▸ WHAT IS BEING ASKED: Lines from the one containing "Я вообще животных" to the end of the data below are to be restated exactly, with both ends included and nothing else.

Records excerpted from a collection

☆ ☆ ☆ ☆ ☆

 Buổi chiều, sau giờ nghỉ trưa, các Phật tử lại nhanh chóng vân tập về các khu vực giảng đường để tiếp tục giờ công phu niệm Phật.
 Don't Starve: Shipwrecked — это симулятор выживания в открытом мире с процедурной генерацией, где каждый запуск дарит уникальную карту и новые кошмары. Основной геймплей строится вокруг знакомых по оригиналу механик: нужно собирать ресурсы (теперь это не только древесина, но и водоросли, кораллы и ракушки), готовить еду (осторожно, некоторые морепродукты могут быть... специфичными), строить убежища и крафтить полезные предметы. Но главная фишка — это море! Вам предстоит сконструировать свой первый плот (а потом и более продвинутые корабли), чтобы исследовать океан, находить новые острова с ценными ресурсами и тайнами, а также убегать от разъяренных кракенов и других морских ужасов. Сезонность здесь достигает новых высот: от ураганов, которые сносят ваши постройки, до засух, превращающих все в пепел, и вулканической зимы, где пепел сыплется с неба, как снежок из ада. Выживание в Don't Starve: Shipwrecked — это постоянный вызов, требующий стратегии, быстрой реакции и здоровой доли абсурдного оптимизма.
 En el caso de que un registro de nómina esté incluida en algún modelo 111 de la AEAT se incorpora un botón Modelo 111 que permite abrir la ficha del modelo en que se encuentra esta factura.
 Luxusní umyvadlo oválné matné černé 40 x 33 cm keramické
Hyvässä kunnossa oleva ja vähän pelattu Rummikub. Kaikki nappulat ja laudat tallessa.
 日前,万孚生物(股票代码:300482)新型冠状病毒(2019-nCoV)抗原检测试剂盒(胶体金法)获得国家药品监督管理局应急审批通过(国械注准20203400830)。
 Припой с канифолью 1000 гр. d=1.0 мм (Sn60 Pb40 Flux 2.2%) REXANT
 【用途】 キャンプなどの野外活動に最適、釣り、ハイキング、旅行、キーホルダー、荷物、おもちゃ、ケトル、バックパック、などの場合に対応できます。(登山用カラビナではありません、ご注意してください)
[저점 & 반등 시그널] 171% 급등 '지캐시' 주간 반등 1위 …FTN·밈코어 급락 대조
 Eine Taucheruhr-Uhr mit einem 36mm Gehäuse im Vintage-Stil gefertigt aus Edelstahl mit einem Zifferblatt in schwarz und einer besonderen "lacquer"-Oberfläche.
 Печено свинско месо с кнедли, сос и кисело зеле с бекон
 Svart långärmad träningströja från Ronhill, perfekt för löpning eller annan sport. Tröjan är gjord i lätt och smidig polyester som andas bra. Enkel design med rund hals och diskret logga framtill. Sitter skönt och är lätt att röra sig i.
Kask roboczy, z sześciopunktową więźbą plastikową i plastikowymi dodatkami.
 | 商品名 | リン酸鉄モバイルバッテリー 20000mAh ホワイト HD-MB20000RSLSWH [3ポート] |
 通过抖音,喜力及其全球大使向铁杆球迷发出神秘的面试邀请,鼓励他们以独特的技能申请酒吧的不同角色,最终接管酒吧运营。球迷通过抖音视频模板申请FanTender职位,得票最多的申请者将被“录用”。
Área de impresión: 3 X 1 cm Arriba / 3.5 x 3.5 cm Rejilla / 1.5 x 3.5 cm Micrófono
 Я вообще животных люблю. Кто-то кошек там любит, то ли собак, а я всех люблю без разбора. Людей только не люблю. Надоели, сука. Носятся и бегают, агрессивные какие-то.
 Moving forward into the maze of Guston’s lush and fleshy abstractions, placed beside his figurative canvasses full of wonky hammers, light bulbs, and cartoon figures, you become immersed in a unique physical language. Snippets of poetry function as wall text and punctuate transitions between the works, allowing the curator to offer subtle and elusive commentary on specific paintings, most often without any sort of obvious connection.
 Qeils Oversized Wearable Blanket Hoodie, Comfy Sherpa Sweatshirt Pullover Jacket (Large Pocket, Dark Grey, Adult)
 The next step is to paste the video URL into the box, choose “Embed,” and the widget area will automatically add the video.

☆ ☆ ☆ ☆ ☆

▸ OUTPUT:
 Я вообще животных люблю. Кто-то кошек там любит, то ли собак, а я всех люблю без разбора. Людей только не люблю. Надоели, сука. Носятся и бегают, агрессивные какие-то.
 Moving forward into the maze of Guston’s lush and fleshy abstractions, placed beside his figurative canvasses full of wonky hammers, light bulbs, and cartoon figures, you become immersed in a unique physical language. Snippets of poetry function as wall text and punctuate transitions between the works, allowing the curator to offer subtle and elusive commentary on specific paintings, most often without any sort of obvious connection.
 Qeils Oversized Wearable Blanket Hoodie, Comfy Sherpa Sweatshirt Pullover Jacket (Large Pocket, Dark Grey, Adult)
 The next step is to paste the video URL into the box, choose “Embed,” and the widget area will automatically add the video.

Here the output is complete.